In der SPD liegt der Schwellenwert k sehr niedrig. Es muss nur relativ wenig Energie aufgewandt werden, um einen internen Prozess in Gang zu setzen, der alsbald die ganze Partei erhitzt. Die SPD ist leicht entflammbar.

Die Union hingegen hat einen sehr hohen Schwellenwert. Es muss eine ganze Menge passieren, bis sie Feuer fängt. Die Union ist schwer entflammbar.

Nun aber ist im Lauf der Amtszeit von Angela Merkel genug an kritischer Energie zusammengekommen, um den Schwellenwert zu überschreiten.
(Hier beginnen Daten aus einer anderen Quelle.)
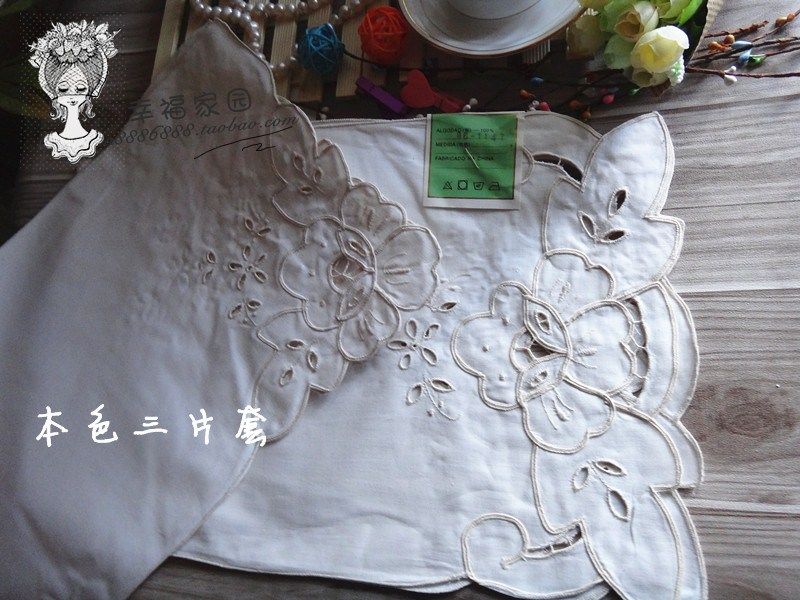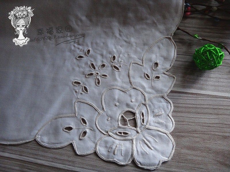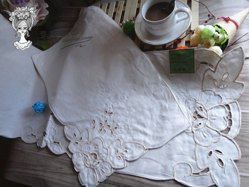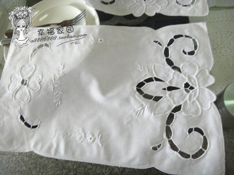 Foreign trade original pure cotton white natural color machinist hollow embroidery table flag * placemat three-piece set special clearance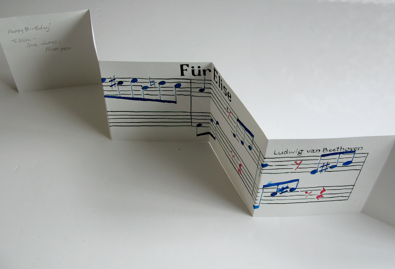This is an "accordion" book, such that the full image can be seen if/when the book is fully open. The unique book was made as a gift and contains an ink drawing of the opening bars of Für Elise by Ludwig van Beethoven. A floral doily was pressed into the clay while wet to create a pattern on the covers. Garden wire was used to bind the book.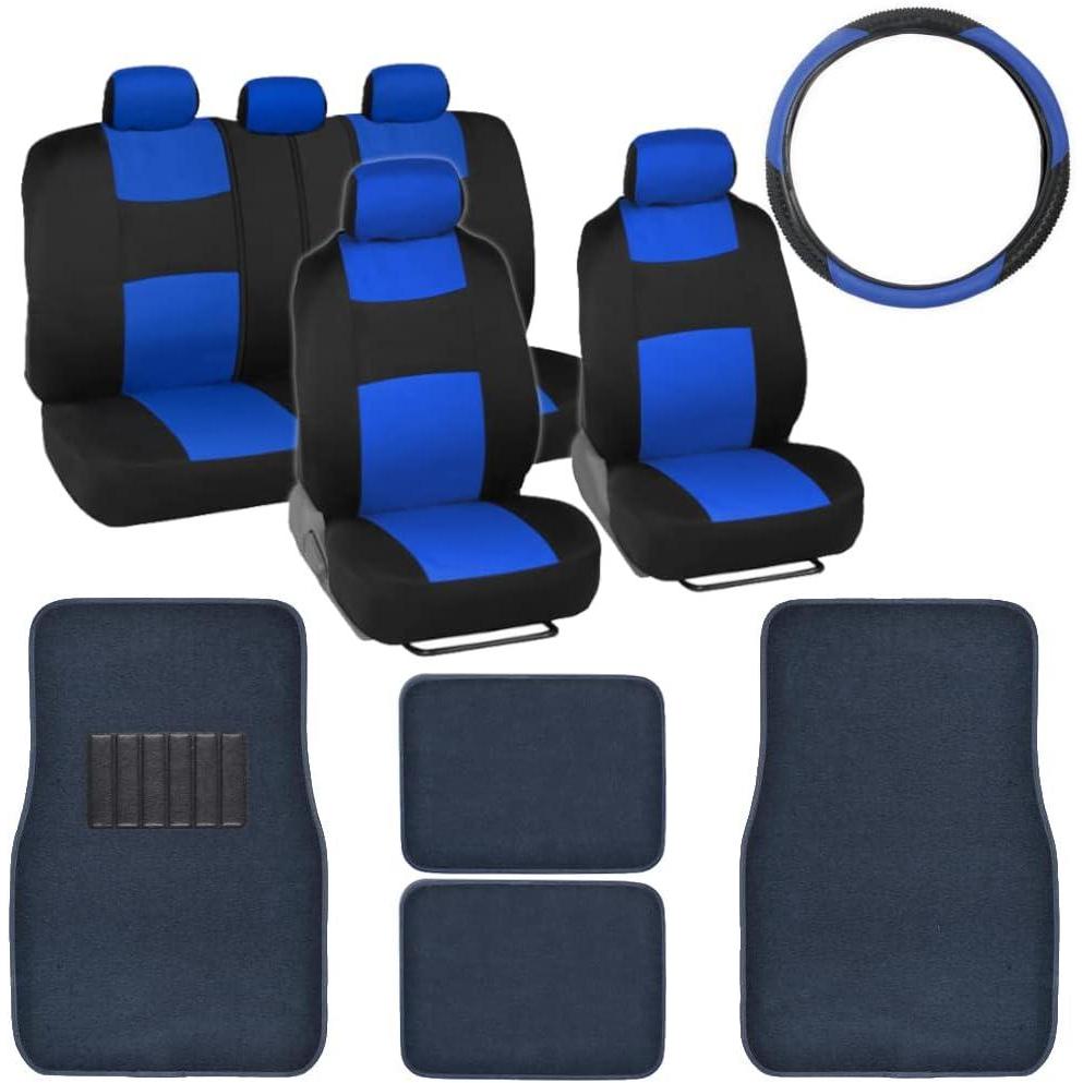 Get up to 50% off on BDK Front & Rear Combo Set of 4 Piece Auto Carpet Floor Mats with PolyPro Car Seat Covers & Steering Wheel Cover, Fits Most for Car Truck Van SUV, Colorful Design Interior Car Accessories(Blue) styles during our spring sale event.

Am kürzesten zusammengefasst hat den Missmut der ausgetretene frühere CDU-Ministerpräsident Werner Münch in seinem Abschiedsbrief an seine Partei. Noch kürzer geht es ungefähr so: Merkel sympathisiert mit Alice Schwarzer und kritisiert den Papst. Das ist die Umkehrung dessen, was das Wertesystem des orthodoxen Christdemokraten ausmacht. Er wünscht sich eine CDU-Kanzlerin in Solidarität zum Papst und in kritischer Distanz zu Frau Schwarzer.

Gereizt und nervös

Dazu kommt der schleichende Zweifel, wie das mit den Umfragewerten eigentlich wieder besser werden soll. Bisher hat der "schwarze Block" in der Union die Zähne zusammengebissen und die aus ihrer Sicht maternalistische "Gedöns"-Politik ihrer Kanzlerin still ertragen - immer in der Hoffnung, dass ihr Dulden mit einer Mehrheit belohnt wird.

So hatte sich auch SPD-Kanzler Gerhard Schröder einige Zeit im Sattel gehalten. Auch er machte Politik gegen die Überzeugungen seiner Sozialdemokraten, aber so lange er damit Erfolg hatte, ertrug die SPD-Orthodoxie das mit einigem Bauchgrimmen. So wie Schröder auf diese Weise versuchte, von links kommend in der Mitte das entscheidende Quentchen mehr zu holen, greift Merkel von rechts her in die Mitte. Der Erfolg aber bleibt aus oder stellt sich jedenfalls nicht in dem Maße ein, dass die Kritiker stillhalten würden. Mal liegen zehn, mal nur fünf Prozentpunkte in den Umfragen zwischen SPD und Union. Das ist weder ein Polster noch ein Ruhekissen.

Deshalb gebärdet sich im Moment die Union, als sei sie die SPD. Es gibt offene Kritik an der Kanzlerin, es geht zu wie in einer WG, in der lange keiner mehr abgewaschen hat. Die Union liefert den Stoff, aus dem die Berliner Geschichten sind: Beck und Müntefering, das Drama war gestern, Merkel und Seehofer ist heute. Gereizt sind die Unionisten, gereizt und nervös.

Lange unterdrückte Ressentiments brechen sich Bahn. Es ist wie bei einer posttraumatischen Stressstörung: Man kann die Aufarbeitung einige Zeit unterdrücken, es kann Jahre dauern, aber irgendwann drängt das Unterdrückte an die Oberfläche. Jeder Therapeut weiß: je später, umso vehementer. Das Trauma der Union ist die vergangene Bundestagswahl, ein scheinbar sicherer Sieg, der fast verspielt wurde.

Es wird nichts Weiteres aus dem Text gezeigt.